*Problem details*
All entries must come back exactly as given, with no pictures in the copy.

[Records from a data source]
****************************************

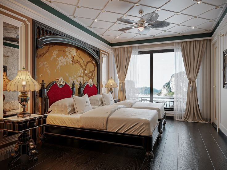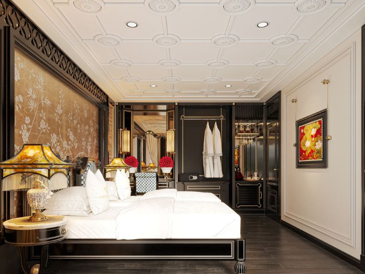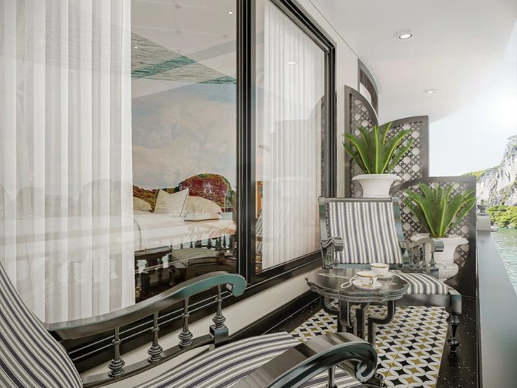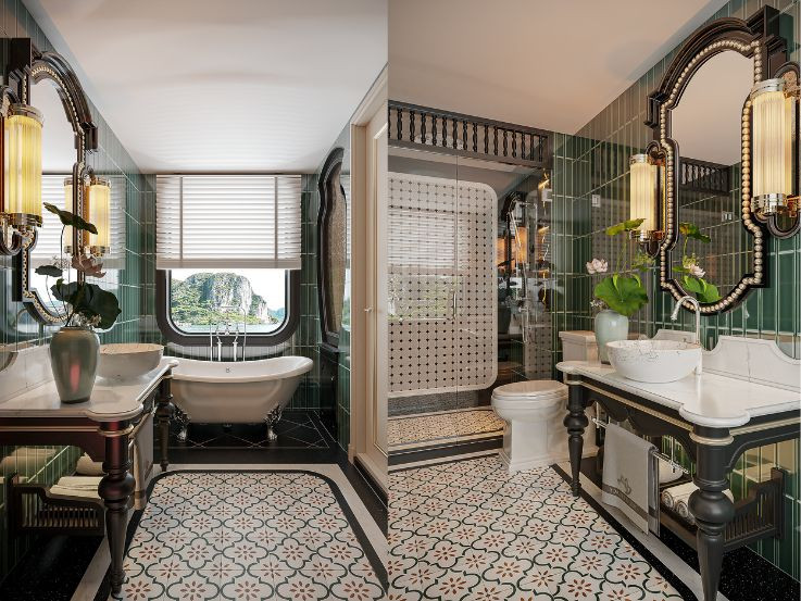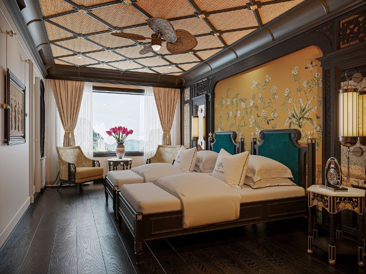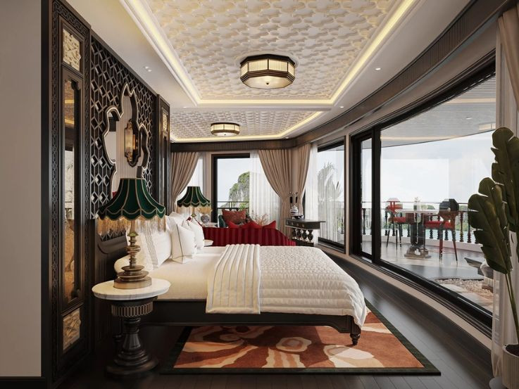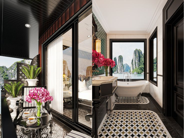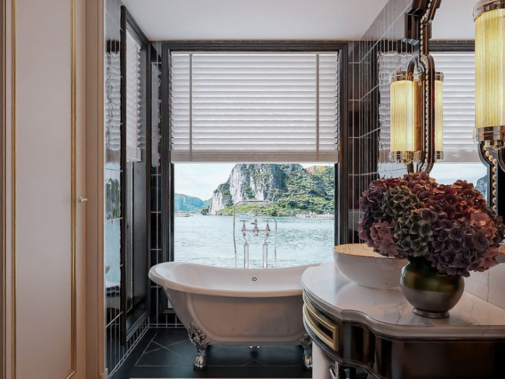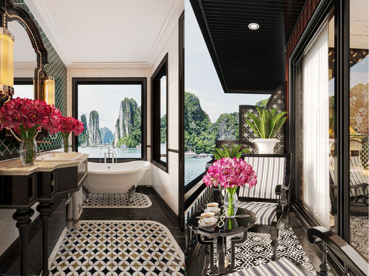 Located on the first deck, the Halong Deluxe is an invitation to tranquility. The interior features a palette of warm wood and classic Indochine patterns, reminiscent of a colonial-era boutique hotel. Though it features large panoramic windows instead of a balcony, the room is flooded with natural light. The highlight is the en-suite ocean-view bathtub, where guests can soak in luxury while watching the limestone karsts glide by.
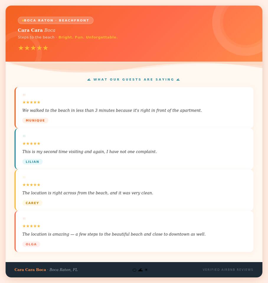 🏠 THE SPACE: COASTAL LUXURY FOR THE WHOLE CREW Designed for up to 6 guests, this expansive 1BR offers a private home with resort-style amenities. 🌙 THE SLEEP SANCTUARY Primary Retreat: Two plush Double beds with premium linens and genuine blackout curtains—designed for deep recovery after a day in the sun. Secondary Living Suite: A private lounge area featuring a Queen pull-out sofa and its own Smart TV. Perfect for giving the kids (or extra adults) their own space to unwind. 🍳 KITCHEN & DINING Skip the pricey Atlantic Ave dinners and cook at home in your kitchen (fridge, stove, oven, dishwasher, and microwave). The Morning Win: Keurig (pods included!), toaster and kettle. Apres-Beach Hour: Wine glasses included for sunset drinks. Pantry Essentials: We provide the essentials (oil, salt, pepper) so you don't have to buy a whole pantry for a 3-day stay. 🛀 BATHROOM Full shower + soaking tub Thoughtful Extras: Plush towels, dedicated makeup towels, hairdryer, and complimentary high-quality shampoo, conditioner, and body wash. 🌴 Resort-Style Amenities Why settle for a cramped hotel room? You have full, unrestricted access to our building’s outdoor oasis: Pool & Hot Tub: Soak away the salt after a day in the ocean. Grill & Chill: BBQ area with outdoor seating for Al Fresco dining. Beach Gear Included: Save $50/day on rentals! We provide 2 Tommy Bahama chairs, an umbrella, and beach towels. Post-Beach Rinse: Convenient outdoor shower to keep the sand at the beach and out of your bed. 📍 The Location: BOCA’S EXCLUSIVE SHORELINE You are perfectly positioned between nature and luxury: The Oceanfront: Located directly across the street from one of Boca’s most pristine, quiet stretches of sand. Mizner Park (5 mins): The heart of Boca for world-class dining, luxury shopping, and cinema. Red Reef Park: 3 mins away for some of the best snorkeling in Florida. FAU & Boca Resort: Minutes away—the ideal hub for graduation, business, or wedding guests. ⚡ Tech & Convenience Ultra-Fast Wi-Fi for remote work or 4K streaming. In-Unit Washer/Dryer (detergent provided)—stay sandy, stay clean. Stress-Free Entry: Secure keypad self-check-in. EV Charger: On-site shared charger available for your eco-friendly ride.
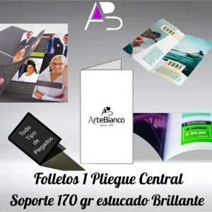 Folletos con plegado central en papel estucado brillante de 170 gr cuatricomía 1 cara
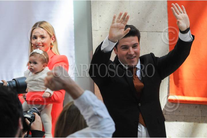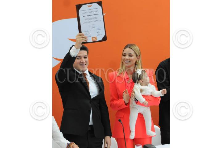 CIUDAD DE MÉXICO, 12NOVIEMBRE2023.-Acompañado por su esposa, Mariana Rodríguez y su hija, el gobernador con licencia, Samuel García acudió a las instalaciones de Movimiento Ciudadano para registrarse como aspirante a la candidatura presidencial por ese partido. FOTO: DANIEL AUGUSTO /CUARTOSCURO.COM
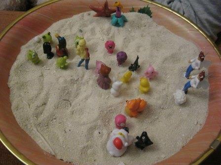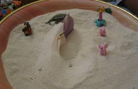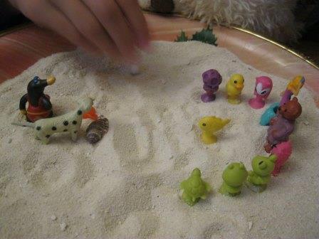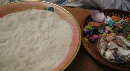 Песок я набирала с труднодоступных мест, куда нога редкого верблюда добредет!:) И солнце естественным образом прокаляло его, если он со стороны океана... Если вы так же брезгливы, как и я, и песок из песочницы тоже неприемлем: пока негде взять, собачки пошкреблись и т.д., и в Египет с Мальдивами за песочным "инструментом" пока не собираетесь :), то можно использовать манку. В ясельном возрасте дочи я покупала, специально для игры, пару килограмм обыкновенной манки, и мы играли в плоском тазике, закапывая "секретики", наслаждаясь фактурой материала :).
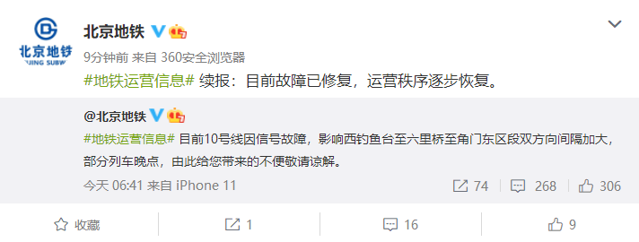 北京地鐵:10號線故障已修複,運營秩序逐步恢複
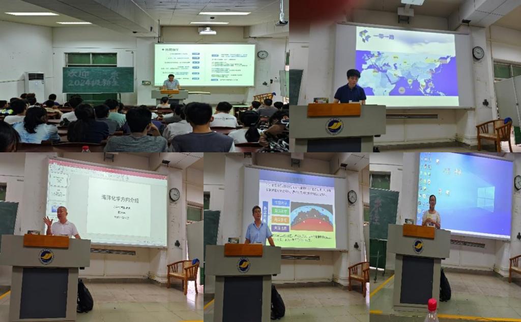 副院长郑少军、陈法锦教授、海洋科学系主任谢辉、副主任杨丽娜、孔德明副教授、周凤霞博士和史荒原博士以及全体2024届海洋科学专业新生参加了大会。
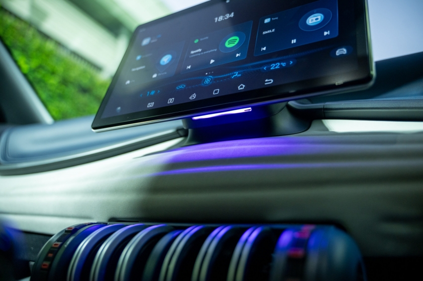 Bên trong, khoang lái được trang trí theo phong cách phối hai tông màu với hai tùy chọn là màu xám-xanh và màu xanh-đen. Ngoài ra, màn hình trung tâm đã được nâng cấp. Từ kích thước ban đầu là 12.8 inches, kích thước mới đã tăng lên mức 15.6 inches và có thể quay ở tất cả các hướng.
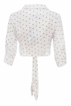 The cropped top has all over anchor print, a crew neckline, ribbon tie detailing, three quarter length sleeve and a flattering fit.

****************************************

*Exercise result*
 Located on the first deck, the Halong Deluxe is an invitation to tranquility. The interior features a palette of warm wood and classic Indochine patterns, reminiscent of a colonial-era boutique hotel. Though it features large panoramic windows instead of a balcony, the room is flooded with natural light. The highlight is the en-suite ocean-view bathtub, where guests can soak in luxury while watching the limestone karsts glide by.
 🏠 THE SPACE: COASTAL LUXURY FOR THE WHOLE CREW Designed for up to 6 guests, this expansive 1BR offers a private home with resort-style amenities. 🌙 THE SLEEP SANCTUARY Primary Retreat: Two plush Double beds with premium linens and genuine blackout curtains—designed for deep recovery after a day in the sun. Secondary Living Suite: A private lounge area featuring a Queen pull-out sofa and its own Smart TV. Perfect for giving the kids (or extra adults) their own space to unwind. 🍳 KITCHEN & DINING Skip the pricey Atlantic Ave dinners and cook at home in your kitchen (fridge, stove, oven, dishwasher, and microwave). The Morning Win: Keurig (pods included!), toaster and kettle. Apres-Beach Hour: Wine glasses included for sunset drinks. Pantry Essentials: We provide the essentials (oil, salt, pepper) so you don't have to buy a whole pantry for a 3-day stay. 🛀 BATHROOM Full shower + soaking tub Thoughtful Extras: Plush towels, dedicated makeup towels, hairdryer, and complimentary high-quality shampoo, conditioner, and body wash. 🌴 Resort-Style Amenities Why settle for a cramped hotel room? You have full, unrestricted access to our building’s outdoor oasis: Pool & Hot Tub: Soak away the salt after a day in the ocean. Grill & Chill: BBQ area with outdoor seating for Al Fresco dining. Beach Gear Included: Save $50/day on rentals! We provide 2 Tommy Bahama chairs, an umbrella, and beach towels. Post-Beach Rinse: Convenient outdoor shower to keep the sand at the beach and out of your bed. 📍 The Location: BOCA’S EXCLUSIVE SHORELINE You are perfectly positioned between nature and luxury: The Oceanfront: Located directly across the street from one of Boca’s most pristine, quiet stretches of sand. Mizner Park (5 mins): The heart of Boca for world-class dining, luxury shopping, and cinema. Red Reef Park: 3 mins away for some of the best snorkeling in Florida. FAU & Boca Resort: Minutes away—the ideal hub for graduation, business, or wedding guests. ⚡ Tech & Convenience Ultra-Fast Wi-Fi for remote work or 4K streaming. In-Unit Washer/Dryer (detergent provided)—stay sandy, stay clean. Stress-Free Entry: Secure keypad self-check-in. EV Charger: On-site shared charger available for your eco-friendly ride.
 Folletos con plegado central en papel estucado brillante de 170 gr cuatricomía 1 cara
 CIUDAD DE MÉXICO, 12NOVIEMBRE2023.-Acompañado por su esposa, Mariana Rodríguez y su hija, el gobernador con licencia, Samuel García acudió a las instalaciones de Movimiento Ciudadano para registrarse como aspirante a la candidatura presidencial por ese partido. FOTO: DANIEL AUGUSTO /CUARTOSCURO.COM
 Песок я набирала с труднодоступных мест, куда нога редкого верблюда добредет!:) И солнце естественным образом прокаляло его, если он со стороны океана... Если вы так же брезгливы, как и я, и песок из песочницы тоже неприемлем: пока негде взять, собачки пошкреблись и т.д., и в Египет с Мальдивами за песочным "инструментом" пока не собираетесь :), то можно использовать манку. В ясельном возрасте дочи я покупала, специально для игры, пару килограмм обыкновенной манки, и мы играли в плоском тазике, закапывая "секретики", наслаждаясь фактурой материала :).
 北京地鐵:10號線故障已修複,運營秩序逐步恢複
 副院长郑少军、陈法锦教授、海洋科学系主任谢辉、副主任杨丽娜、孔德明副教授、周凤霞博士和史荒原博士以及全体2024届海洋科学专业新生参加了大会。
 Bên trong, khoang lái được trang trí theo phong cách phối hai tông màu với hai tùy chọn là màu xám-xanh và màu xanh-đen. Ngoài ra, màn hình trung tâm đã được nâng cấp. Từ kích thước ban đầu là 12.8 inches, kích thước mới đã tăng lên mức 15.6 inches và có thể quay ở tất cả các hướng.
 The cropped top has all over anchor print, a crew neckline, ribbon tie detailing, three quarter length sleeve and a flattering fit.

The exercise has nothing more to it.